Une recherche illumine la boussole interne du cerveau

Le 22 mars 2023 

Une nouvelle étude menée par Dr Mark Brandon, chercheur au Centre de recherche Douglas et professeur agrégé à l’Université McGill, et publiée dans la revue Nature, explore la façon dont la boussole interne du cerveau s’aligne avec son environnement. Ces résultats représentent déjà une avancée significative dans la compréhension fondamentale de la façon dont le cerveau s’oriente dans l’espace, qui a été liée à diverses fonctions et troubles cognitifs, tels que la maladie d’Alzheimer. 

« L’un des premiers symptômes cognitifs déclarés de la maladie d’Alzheimer est la désorientation et la perte de repères, même dans des environnements familiers. »
— Dr Mark Brandon, auteur principal
 

Les chercheurs espèrent qu’une compréhension mécanistique du fonctionnement de la boussole interne du cerveau et du système de navigation permettra une détection plus précoce et une meilleure évaluation des traitements de la maladie d’Alzheimer.  

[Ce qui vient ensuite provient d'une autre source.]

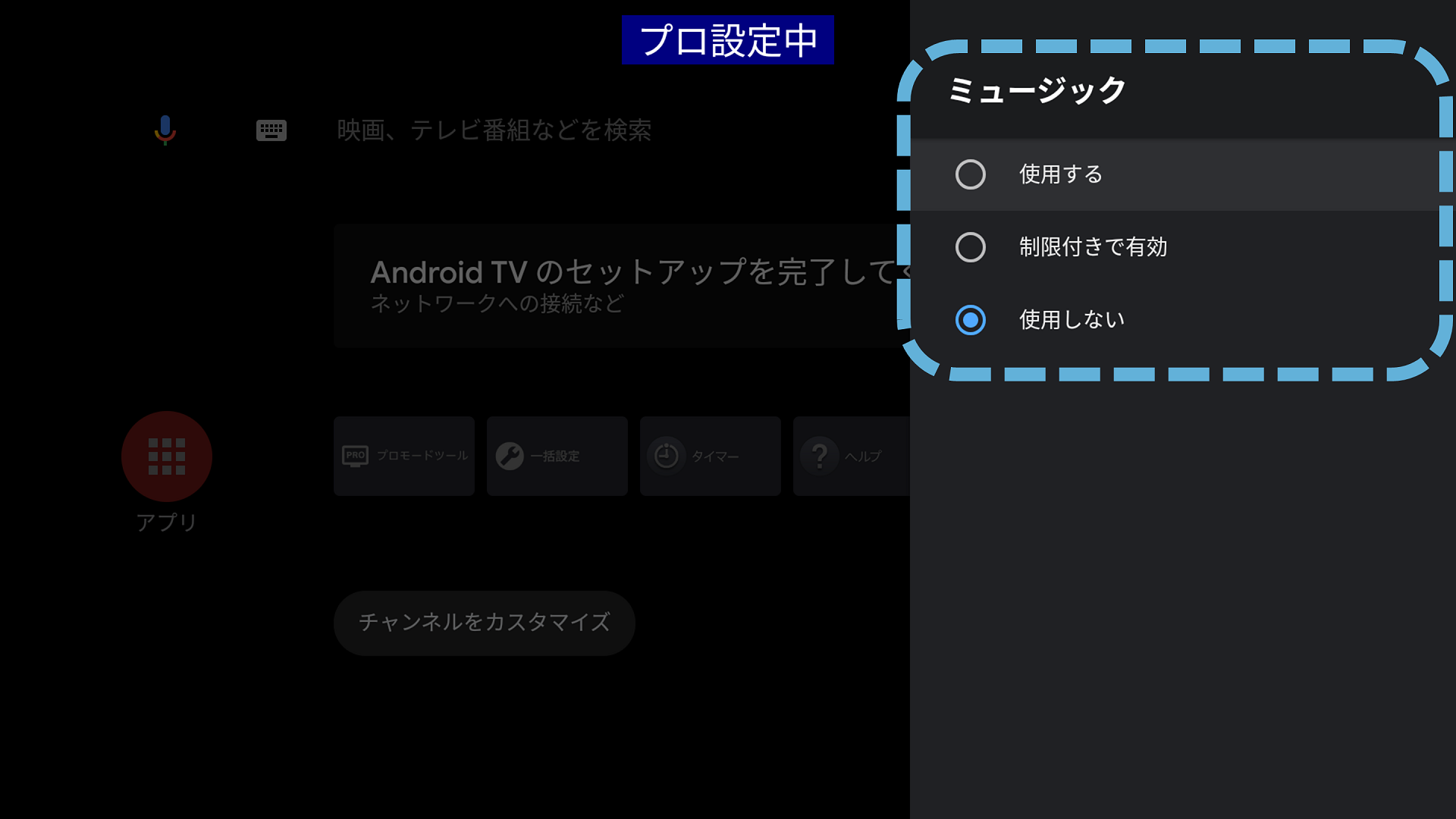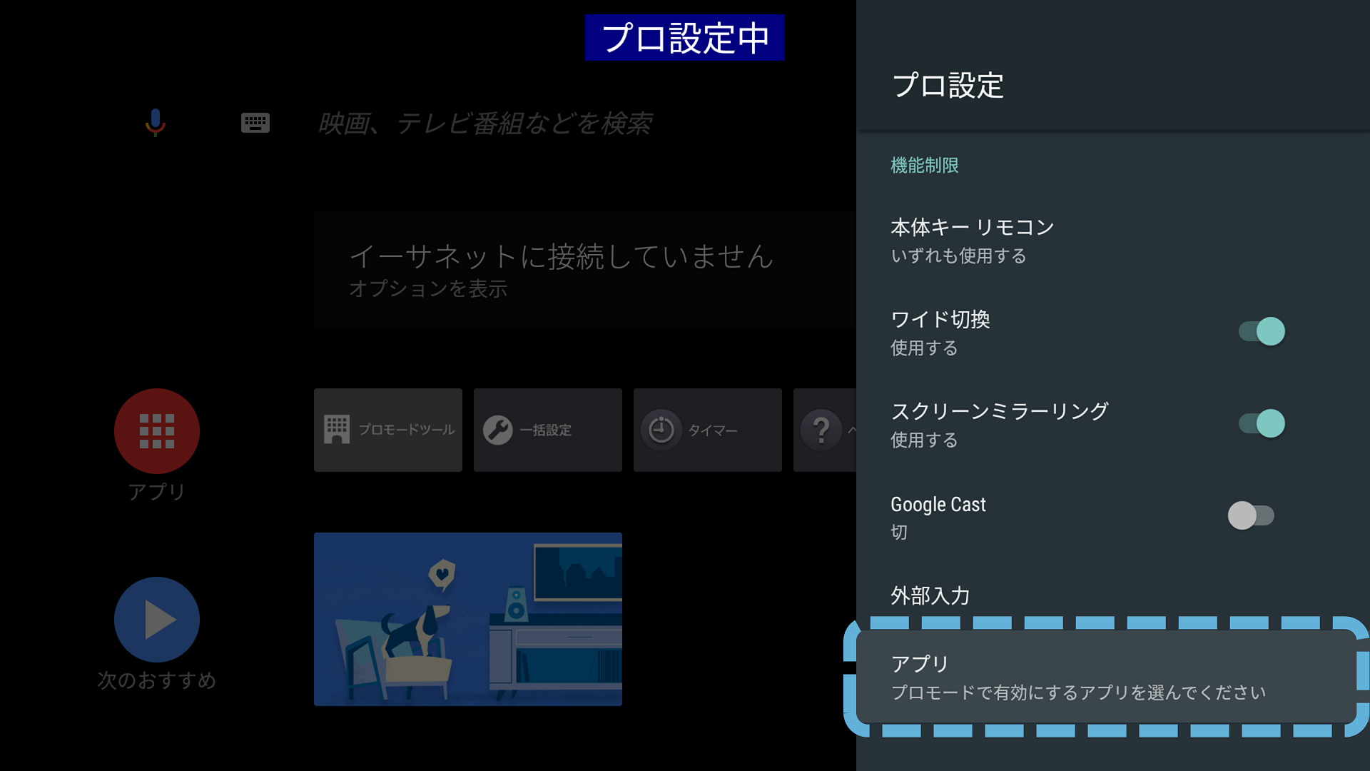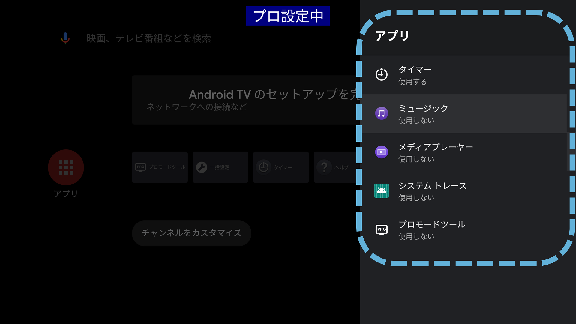 プロ設定 > アプリ
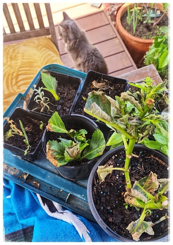 We had a bit of an incident with the garden cuttings in Melbourne. It went up to 42C (107F) – and the cuttings had been left out in the sun. (There had been rain the night before and well – you know the rest – we have all done it). But it is not too bad! The smallest and weakest are toast but I think it will only make the others stronger. Or struggle. Who knows. But I think they will be fine.
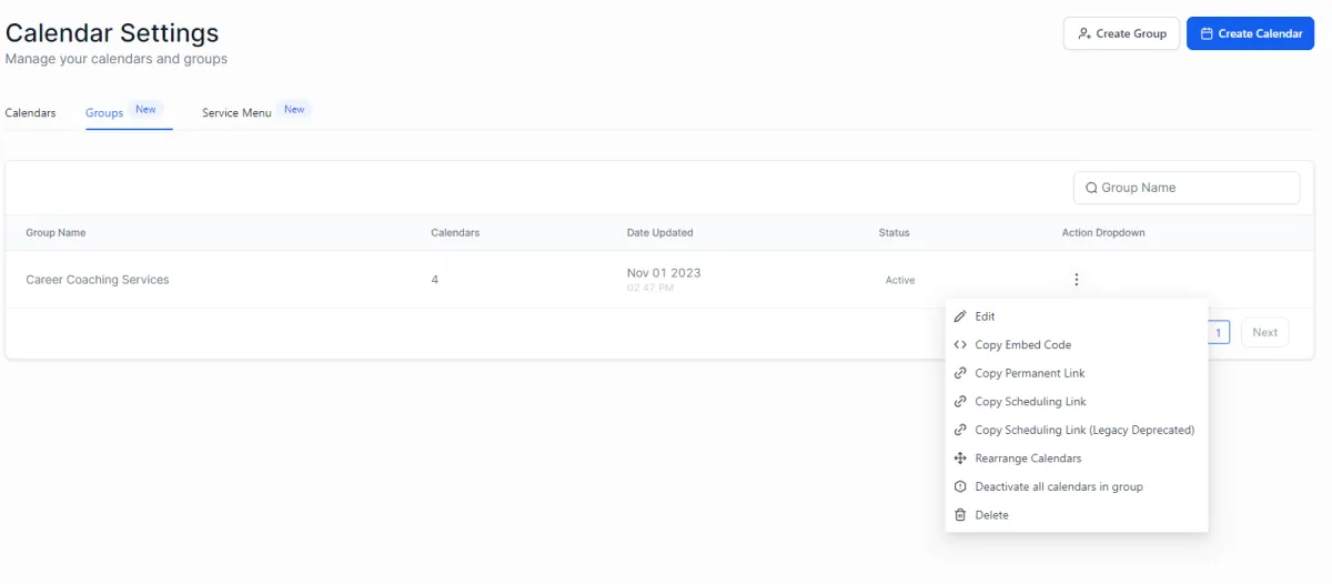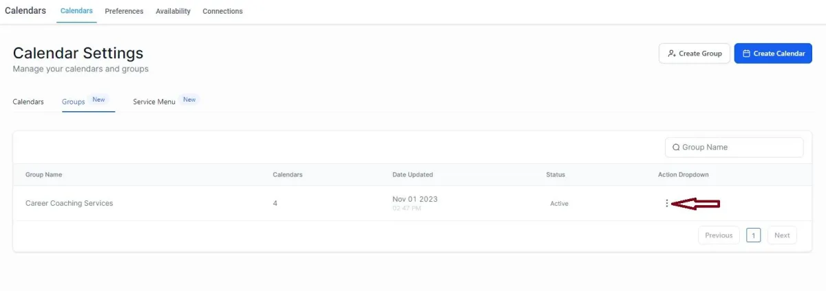 Um das zu tun, gehen Sie zu den Kalendereinstellungen und klicken Sie auf "Gruppen". Suchen Sie den Gruppenkalender, den Sie möchten, und klicken Sie auf die 3 Punkte, die dem Aktions-Dropdown-Menü entsprechen.

«Nous sommes très enthousiasmés par l’importante découverte faite par Mark Brandon et ses collègues. Mieux comprendre comment le cerveau traite les informations pour orienter l’organisme dans l’espace et lui donner un sens de la direction représente une avancée majeure.»
— Dr Gustavo Turecki, directeur scientifique, Centre de recherche Douglas
 

Découvrir comment les cellules d’orientation de la tête orientent la direction dans notre cerveau 

Notre sens de l’orientation est attribué à un groupe spécialisé de cellules cérébrales appelées cellules « head-direction » (HD), qui servent de boussole interne au cerveau. Le maintien d’une représentation interne stable de la direction est essentiel à la survie d’un animal et, pour cela, la recherche d’un cadre de référence fiable dans l’environnement est un problème que le cerveau tente constamment de résoudre. Jusqu’à présent, des obstacles techniques ont limité la capacité des scientifiques à comprendre le fonctionnement de cette boussole interne.  

L’étude de Dr Brandon a été menée en étroite collaboration avec Dr Zaki Ajabi, chercheur postdoctoral à l’université de Harvard et ancien doctorant du laboratoire de Dr Brandon, ainsi qu’avec Dr Xue-Xin Wei, neuroscientifique informatique et professeur adjoint à l’Université du Texas à Austin.  

« La recherche en neurosciences a connu une révolution technologique au cours de la dernière décennie – les dernières méthodes d’enregistrement et d’analyse des neurones nous permettent de poser et de répondre à des questions dont on ne pouvait que rêver il y a quelques années. »
— Dr Mark Brandon
, auteur principal 

C’est la première fois que des neuroscientifiques parviennent à enregistrer simultanément des centaines de neurones en adaptant une technologie de pointe, ce qui représente une augmentation d’un ordre de grandeur par rapport à des études antérieures. Cela leur a permis de découvrir des dynamiques de population inattendues dans le système HD et de donner un nouvel aperçu des interactions entre la boussole interne et l’environnement visuel. En utilisant une technologie de pointe et une modélisation statistique, les chercheurs ont découvert que l’amplitude des fluctuations globales de l’activité neuronale, appelée « gain de réseau », déterminait la vitesse à laquelle la boussole interne du cerveau pouvait se réorienter.  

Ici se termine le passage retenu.